[Opening RECORD SET section]

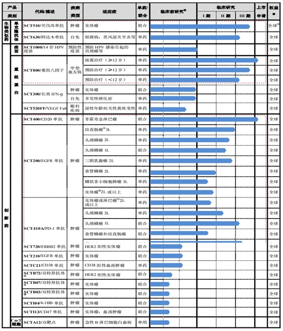 公司产品管线布局丰富,梯队合理,包括一系列蛋白药物、抗体药物和基因工程疫苗,适应症涵盖肿瘤、自身免疫系统疾病、遗传病和感染性疾病等,公司多个产品目前处于临床研究I、II、III期阶段。截至2020年5月,公司独立自主研发的处于临床阶段和临床前研究阶段的生物药产品管线包括21个创新药品种和2个生物类似药品种,正在开展7项III期临床研究、5项II期临床研究、6项I期临床研究、2项临床研究准备工作以及16项临床前研究。公司核心竞争产品品种包括已进入临床试验阶段的SCT800(重组凝血八因子)、SCT200(EGFR单克隆抗体)、SCT-I10A(PD-1单抗)和SCT1000(14价人乳头瘤病毒(HPV)疫苗)。
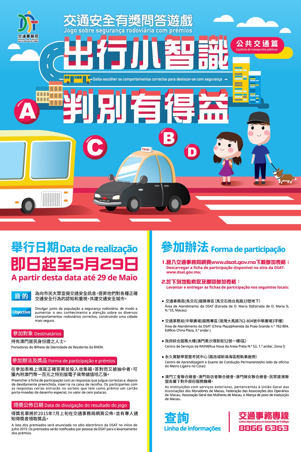 交通事務局推出「出行小智識 判別有得益」交通安全有獎問答遊戲,由即日起至5月29日,市民可前往交通事務局服務專區等多個指定地點索取參加表格,或是登入交通事務局網頁www.dsat.gov.mo下載,答對又被袖中的參加者,可獲特別版電子貨幣儲值咭一張,名額50名。
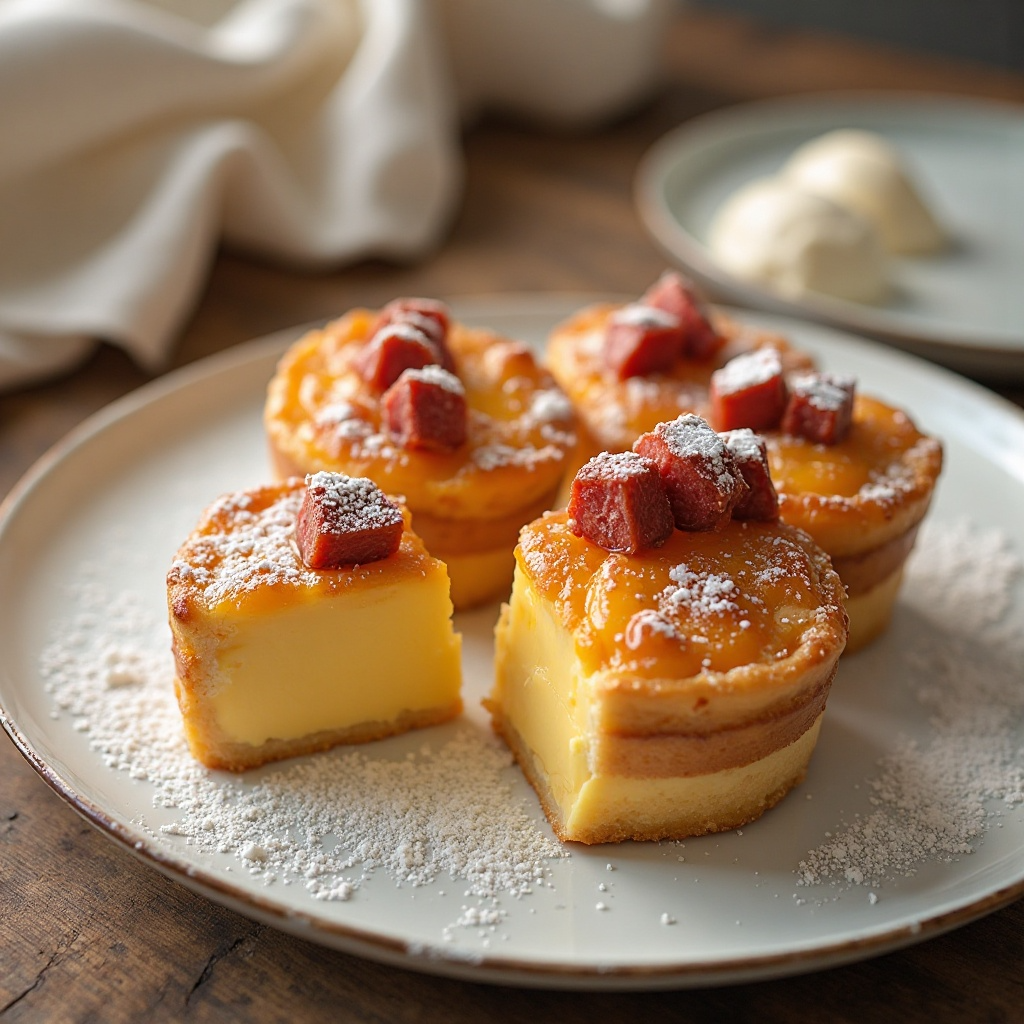 - Saca los pasteles de nata del horno y coloca un cubo de chouriço encima de cada pastel antes de espolvorear con azúcar glass para realzar el sabor y la textura crujiente.
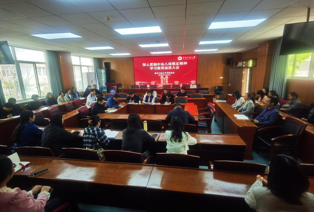党委副书记宋荣传达了学校全面从严治党工作会议暨深入贯彻中央八项规定精神学习教育部署会和《中共beat365英国正版唯一网址委员会关于开展深入贯彻中央八项规定精神学习教育的实施方案》精神和要求。
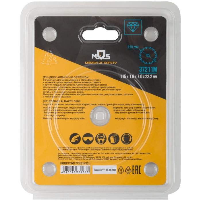 Сегментный. Для использования с УШМ . Посадочный диаметр 22,2мм. Для ''сухой'' и ''влажной''резки кирпича, бетона, мрамора,гранита и других твердых материалов. Сегментная режущая кромка обеспечивает охлаждение диска в процессе работы, предотвращая его перегрев. Материал: инструментальная сталь, режущая кромка-расплав с техническими алмазами. Уп: Блистер

[Closing RECORD SET section]

• **REQUIREMENT**
Leave the pictures out and reproduce all of the records exactly.

• **RESULT BELOW**
 公司产品管线布局丰富,梯队合理,包括一系列蛋白药物、抗体药物和基因工程疫苗,适应症涵盖肿瘤、自身免疫系统疾病、遗传病和感染性疾病等,公司多个产品目前处于临床研究I、II、III期阶段。截至2020年5月,公司独立自主研发的处于临床阶段和临床前研究阶段的生物药产品管线包括21个创新药品种和2个生物类似药品种,正在开展7项III期临床研究、5项II期临床研究、6项I期临床研究、2项临床研究准备工作以及16项临床前研究。公司核心竞争产品品种包括已进入临床试验阶段的SCT800(重组凝血八因子)、SCT200(EGFR单克隆抗体)、SCT-I10A(PD-1单抗)和SCT1000(14价人乳头瘤病毒(HPV)疫苗)。
 交通事務局推出「出行小智識 判別有得益」交通安全有獎問答遊戲,由即日起至5月29日,市民可前往交通事務局服務專區等多個指定地點索取參加表格,或是登入交通事務局網頁www.dsat.gov.mo下載,答對又被袖中的參加者,可獲特別版電子貨幣儲值咭一張,名額50名。
 - Saca los pasteles de nata del horno y coloca un cubo de chouriço encima de cada pastel antes de espolvorear con azúcar glass para realzar el sabor y la textura crujiente.
党委副书记宋荣传达了学校全面从严治党工作会议暨深入贯彻中央八项规定精神学习教育部署会和《中共beat365英国正版唯一网址委员会关于开展深入贯彻中央八项规定精神学习教育的实施方案》精神和要求。
 Сегментный. Для использования с УШМ . Посадочный диаметр 22,2мм. Для ''сухой'' и ''влажной''резки кирпича, бетона, мрамора,гранита и других твердых материалов. Сегментная режущая кромка обеспечивает охлаждение диска в процессе работы, предотвращая его перегрев. Материал: инструментальная сталь, режущая кромка-расплав с техническими алмазами. Уп: Блистер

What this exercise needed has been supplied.